Substitute p = 2n^2, q = n-1, r = 2n, s = n+1, and  h = 2n^3(n^2-1) to (1), then we obtain a new solution.

A = (13n^11-41n^10+19n^9+25n^8-62n^7+70n^6-18n^5+10n^4-15n^3+3n^2-n-3)n

B = (n^4-4n^3+4n^2-1)(5n^7-13n^6-33n^5-29n^4-9n^3+n^2+5n+1)

C = (9n^11-13n^10-73n^9+125n^8+26n^7-34n^6-58n^5-30n^4+29n^3+15n^2+3n+1)n

D = (n^4-4n^3+4n^2-1)(5n^7+9n^6+23n^5+21n^4+31n^3+11n^2+5n-1)

Similarly, by using this new solution as a known solution, we obtain more new solution.


2. Find some solutions of quadratic equation about h.

A^4 + hB^4 - C^4 - hD^4........................................................(3)

Let A = px+a, B = qx-1, C = px-a, D = qx+1, then (3) becomes to (4).

(8ap^3-8hq^3)x^3+(-8hq+8a^3p)x.................................................(4)

To obtain a solution of (4), we have to find the rational solution of (5).

v^2=-64a^4p^4+64ahqp^3+64hq^3a^3p-64h^2q^4.....................................(5)

Let consider (5) is a quadratic equation for h.

We found two solutions of (5) as follows.

2-1. h = p^3a/q

Substitute h = p^3a/q to (5), then v^2 = -64p^4a^2(p-a)(p+a)(q-1)(q+1).

Let a = m^2+n^2, p = m^2-n^2, q = (m^2+n^2)/(2mn), then h = 2(m^2-n^2)^3mn, x = 4m^2n^2/(-2m^2n^2+n^4+m^4)

We obtain a solution.(degree 6)


A = (n-m)(n+m)(n^4-4m^2n^2-m^4)

B = 2m^3n+2n^3m+2m^2n^2-n^4-m^4

C = (n-m)(n+m)(n^4+4m^2n^2-m^4)

D = 2m^3n+2n^3m-2m^2n^2+n^4+m^4

h = 2mn(m^2-n^2)^3

By using this new solution as a known solution, we obtain more new solutions.



2-2. h = pa/q

Similarly, (5) becomes to v^2 = -64a^2p^2(a-1)(a+1)(p-q)(p+q).

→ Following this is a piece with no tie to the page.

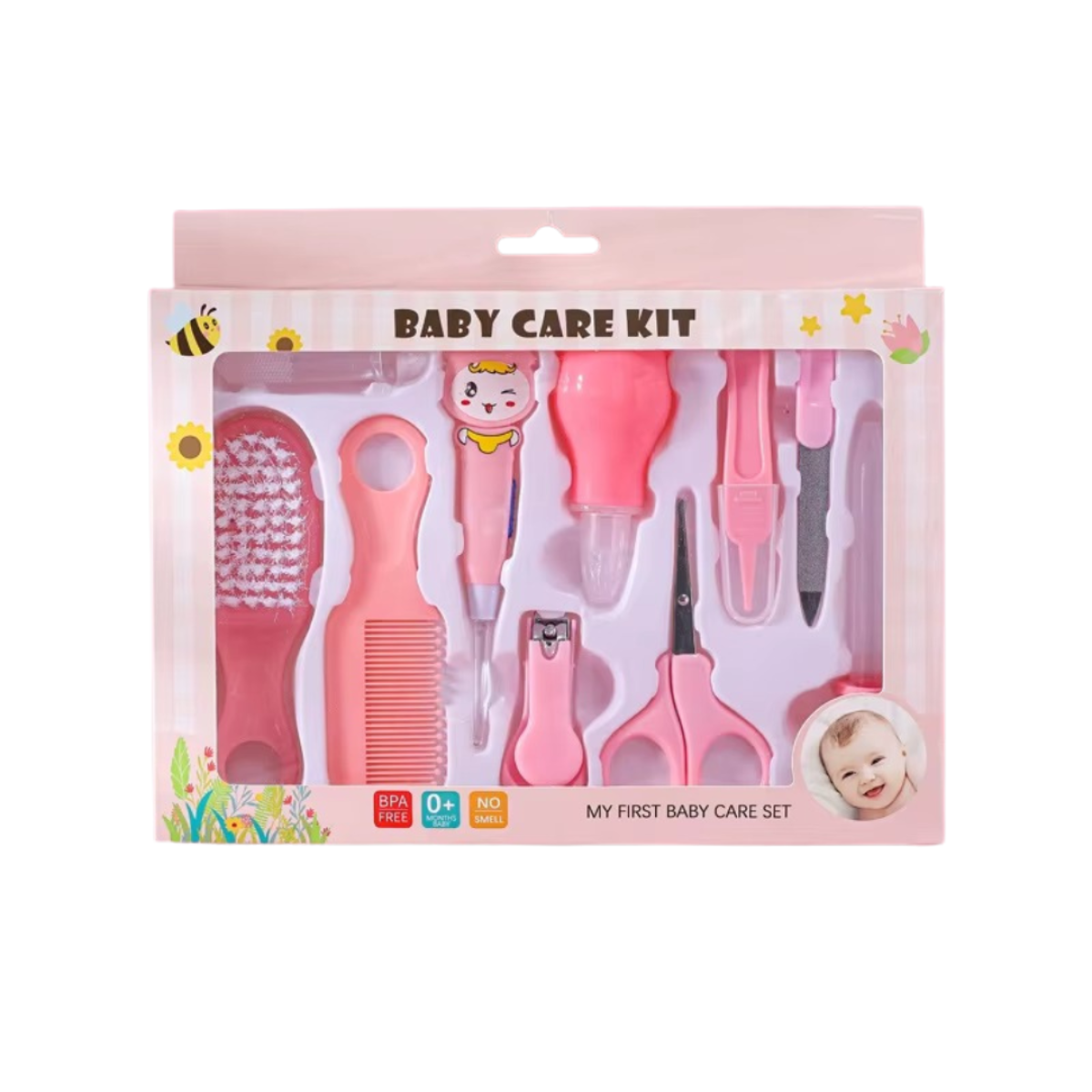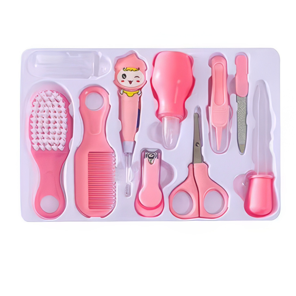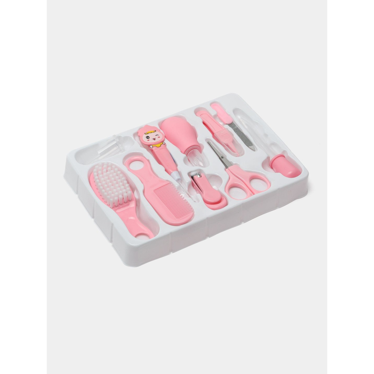 Набір для новонароджених, манікюрний 10 предметів: гребінець, ножиці, кусачки, пилочка, піпетка для дітей, рожевий

Let a = (m^2+n^2)/(2mn), q = m^2+n^2, p = m^2-n^2, then h = 8(m^2-n^2)m^3n^3, x = -1/4(-m^2+n^2)/(m^2n^2) 

We obtain a solution.(degree 6)


A = 2mn(m^4-2m^2n^2+n^4+2m^3n+2mn^3)

B = m^4-n^4-4m^2n^2

C = 2mn(m^4-2m^2n^2+n^4-2m^3n-2mn^3)mn

D = m^4-n^4+4m^2n^2

h = 8m^3n^3(m^2-n^2)



Reference

[1].L.E. Dickson:History of theory of numbers, vol 2.